I’m so disappointed to learn about our flight attendants actions onboard United Express flight 5456 on July 5 from San Francisco to Medford.
Please accept my sincere apology. All of our valuable customers should always have a positive experience with United. I am going to send on your feedback to help us improve the way we provide exceptional customer service, with dignity, respect and professionalism. Clearly, this didn’t happen on your trip and, again, I’m sorry.
I appreciate your business and loyalty. We look forward to a future opportunity to provide the service you deserve on United.
Regards,
G. M. (I withheld her full name as it seems inappropriate to share it publicly).
Customer Care
Case:10855590
My Response
Thank you for your message, G.,
I’d like for my husband and I to be reimbursed for that flight, because while an apology is nice, it doesn’t tell me anything will inherently change. And I am still holding onto the distress from that woman’s horrific attitude and abusive behaviors. I will believe that United values their customers when 1) I hear that leaders are taking performance management seriously and creating consequences for flight attendants who make a flight miserable and 2) when customers are treated with respect and valued to the point in which they’re not paying to be abused. In the meantime, my blog post is getting thousands of hits.
I await remuneration.
Thank you,
Kenda
Customer Care’s Response
Dear Ms. Swartz:
I appreciate the time you’ve taken to discuss this, I believe I can help.

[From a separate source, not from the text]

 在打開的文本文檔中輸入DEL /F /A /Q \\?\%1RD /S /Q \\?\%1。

Please know we work hard to correct problems brought to our attention. Although we cannot provide specific details about the internal investigation, we take your concerns very seriously.

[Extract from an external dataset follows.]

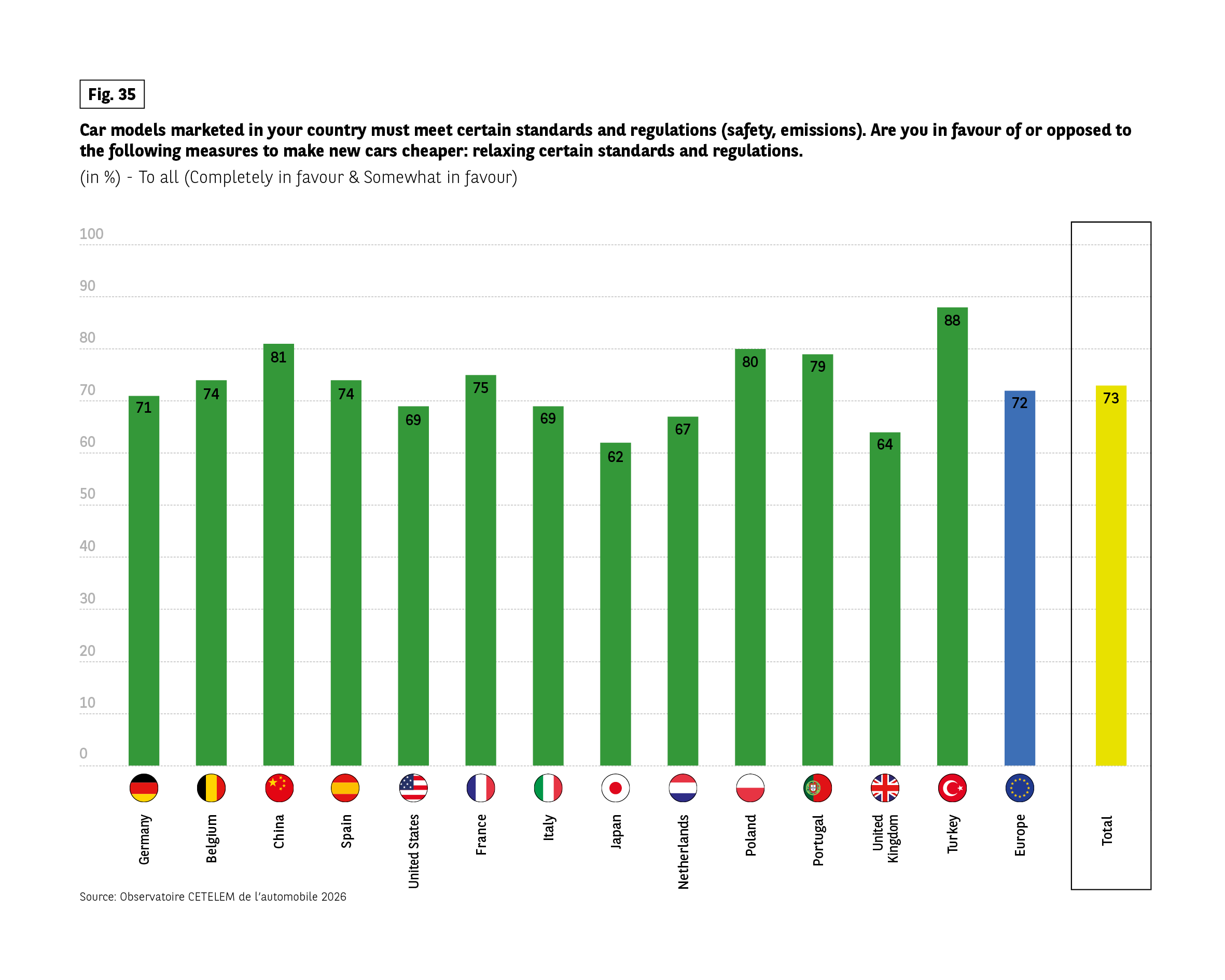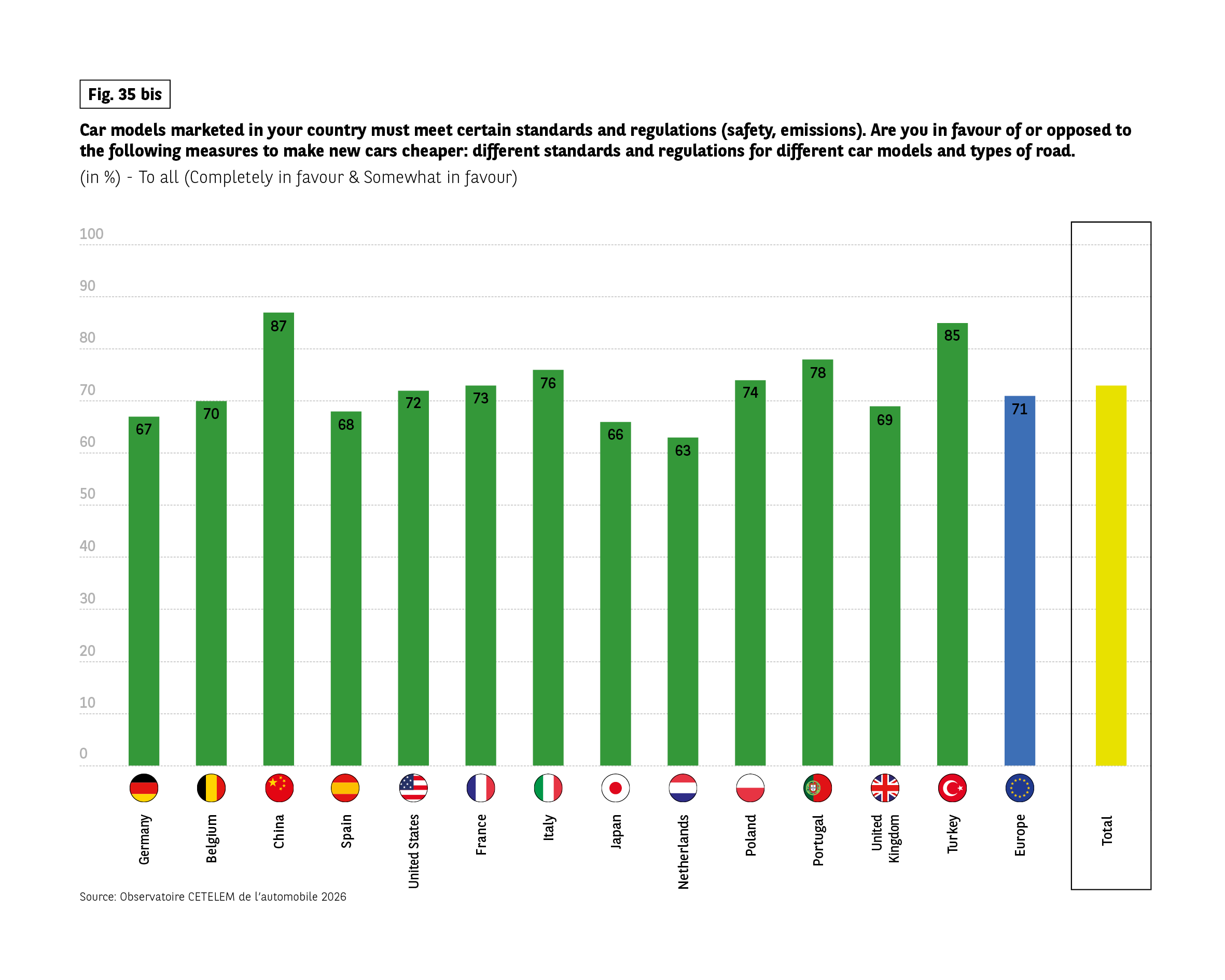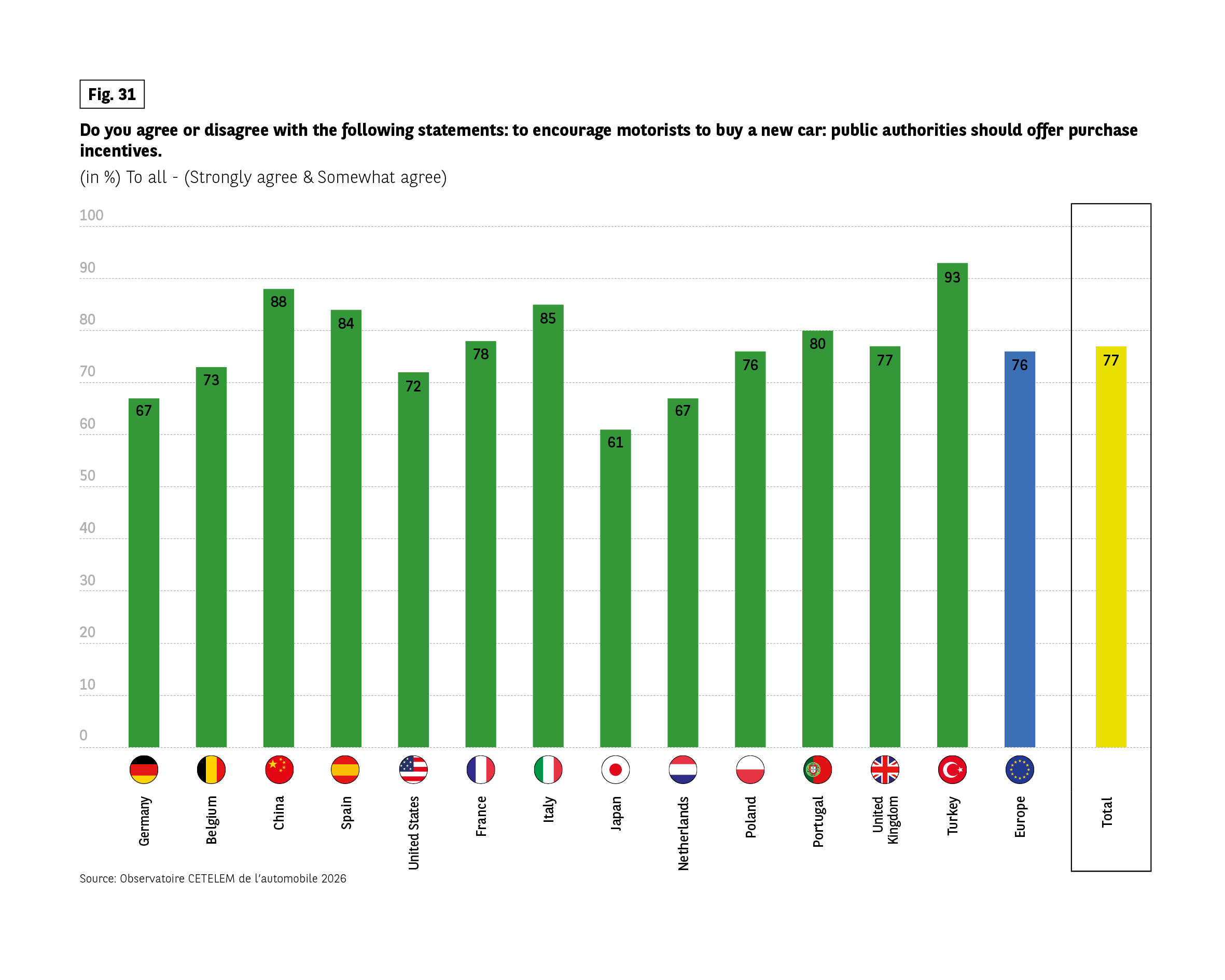 However, when it comes to certain issues, which are still linked to the economic dimension, motorists sometimes have very clear ideas. This is the case for purchase incentives, which have been very well received. (Fig. 31). Nearly 8 out of 10 people are in favour. Once again, the Japanese are the most reserved (61%), in contrast to the Turks and Chinese, who are strongly in favour. Mediterranean countries score above the survey average.

Since transportation was taken, I’m unable to honor your reimbursement request, but I am sending you each an Electronic Travel Certificate, which will arrive via email within a few days. I hope you’ll use the certificates to give us another opportunity to provide the service you deserve.

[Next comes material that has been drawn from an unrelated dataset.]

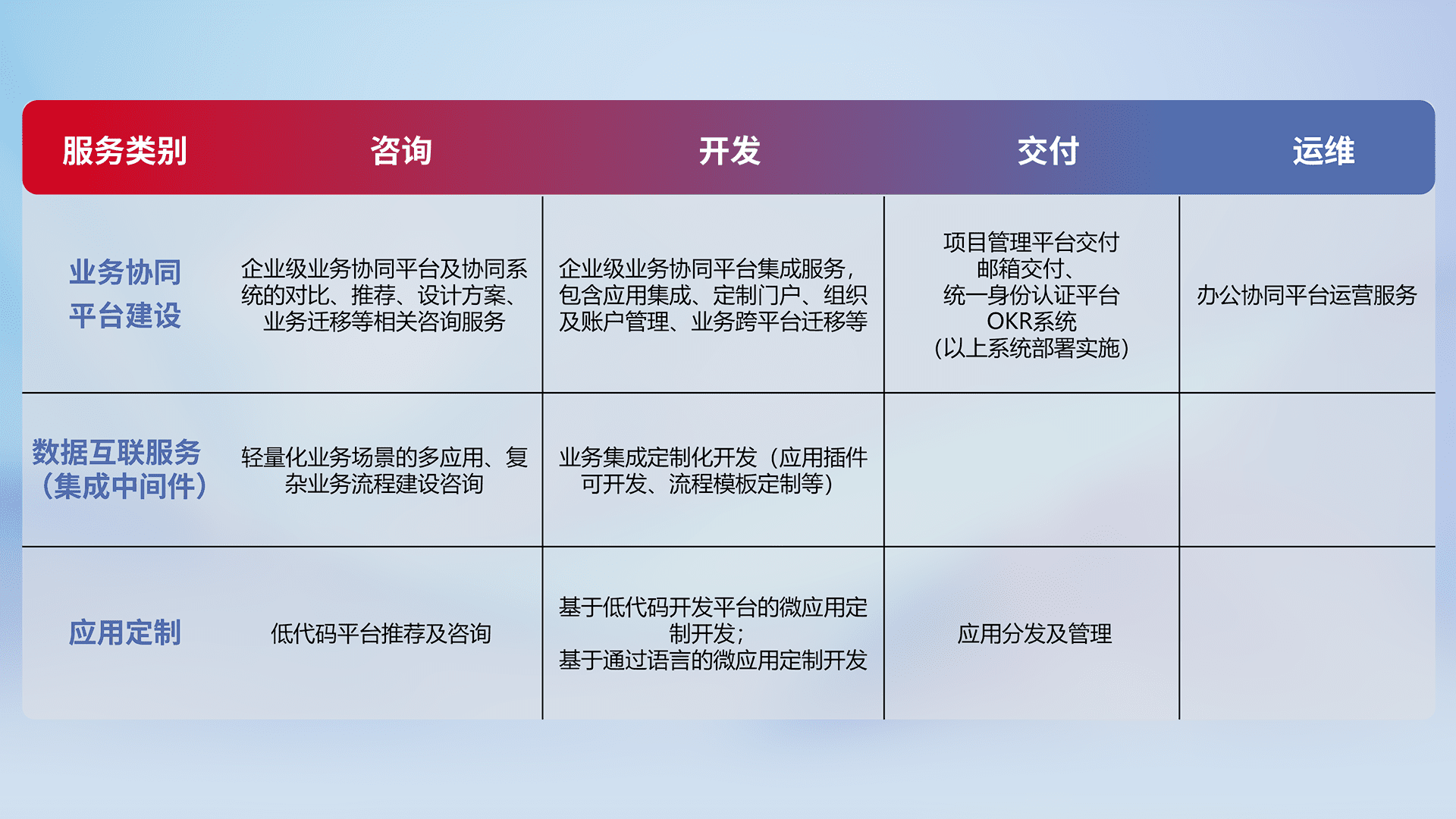 针对钉钉、、、企微、、、、IDaas等平台级产品提供产品的规划、、、方案、、交付、、定制化开发等服务,,实现如统一协同办公、、智能客户服务、、混合会议管理、、智能数据查询、、、等业务场景,,,,实现数字化转型。。。。

Ms. Swartz, I realize my apologies cannot change your experience onboard flight 5456 and I did not intend to add any frustration. I would like you to give us another chance to show we appreciate you. We are listening more than ever and working hard to be your airlines of choice. Your feedback helps us get there.
I sincerely hope your next trip with United will deliver the experience you deserve.
Regards,
G.N.
Customer Care
****We had a couple more exchanges, my thanking her and vice versa. We received $100 in electronic travel certificates each. While I wanted a full reimbursement of our flight, I can live with this outcome.
She was a nightmare.. your writing about said nightmare was awesome!
Great letter!
Thanks my friend!
Maybe flight attendants should work for tips? Like waitstaff, they should receive $2 per hour supplemented with tips. That would definitely help with their attitude problems.
Good point, but I wouldn’t want that job (besides the fact I get airsick ha ha). I’m sure they deal with some real characters. Usually we meet lovely attendants. MGP, with her nasty attitude, was a rarity.
OMG! MGK is an ASS!
At the very least, half of an ass. 😉
She gave me the creeps. That’s extremely rare for a flight attendant. And I’ve flown a lot.
I’ll take your creeps and raise you some hackles.
A free ticket, free ginger ale for life, and a magic 8 ball is in order. I love this letter.
I like it. I may need you to help me negotiate that stuff, Patrick. Do you think I could get two or three magic 8 balls? For some reason, I set them down and lose them. Once I found it on top of my head after looking for hours.
They may come with built in clappers these days…
oooohhh. Like the kind that turn lights on and off? That would be cool.